Black models stage topless protest in Rio, Rio de Janeiro Fashion Week 2013
Last week BW of Brazil brought you brief coverage the latest edition of the São Paulo Fashion Week, one of the two main annual fashion events in the country and, as usual, it showcased a spectacle full of models who looked as if they came directly from Paris, London and Rome, even with the African theme of the new designs. As has been regularly featured here, “blackouts” on Brazilian runways are nothing new. So now the second major fashion event of the year, Fashion Rio takes center stage and for the second year in row, black models make a statement by parading topless in public (see video of act below). In an act in celebration of the November Month of Black Consciousness as well as a new agreement designed to feature at least a few more models of color, black models perhaps captured more attention in a short act than they normally get during the near week of the fashion event. So, again, there is an agreement that 10% of the models featured in the show with be of African descent, but let’s not get too excited. Why? 1) 10% is still quite a meager quota for an Afro-Brazilian (preto/black + pardo/brown) population estimated at 100 million and, 2) A 10% quota was promised a few years ago but was not honored at the actual show. Let’s just wait and see what happens.

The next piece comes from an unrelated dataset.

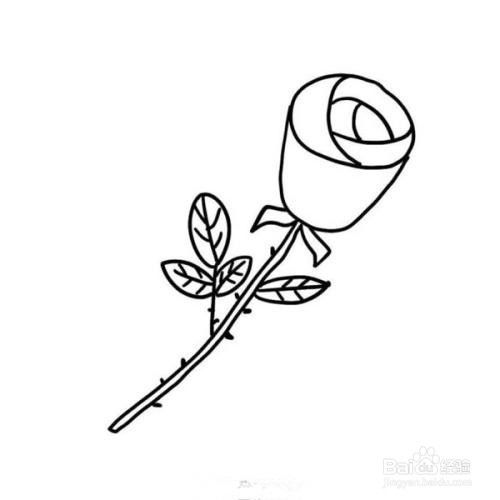 第五步在基础的叶子上,在画出玫瑰花带刺的枝干,然后在单调的枝干上面画上一些叶子,这样才能保证玫瑰花的完整。

A group of about 40 artists and models took part in an act in the Zona Portuária, in front of Píer Mauá (in Rio de Janeiro), where the first night of parades of the season autumn/winter Fashion Rio will take place late on Wednesday, November 7). According to director of the group Palco dos Mil Sonhos (meaning Stage of a Thousand Dreams), Leonidas Lopes, the presentation is a celebration of the Month of Black Consciousness (November).
The presentation came a day after the signing of a commitment by the company putting on the event, Luminosidade, and the Public Defender Rio de Janeiro, recommending a quota of 10% of black models on the catwalk.
“The term of the commitment is a celebration of a step that can bring a space that is still not there in Rio. The aesthetic design sold by fashion does not meet the proposed use of the majority of the population,” said Moses Alcuña, public policy coordinator of the NGO Educafro.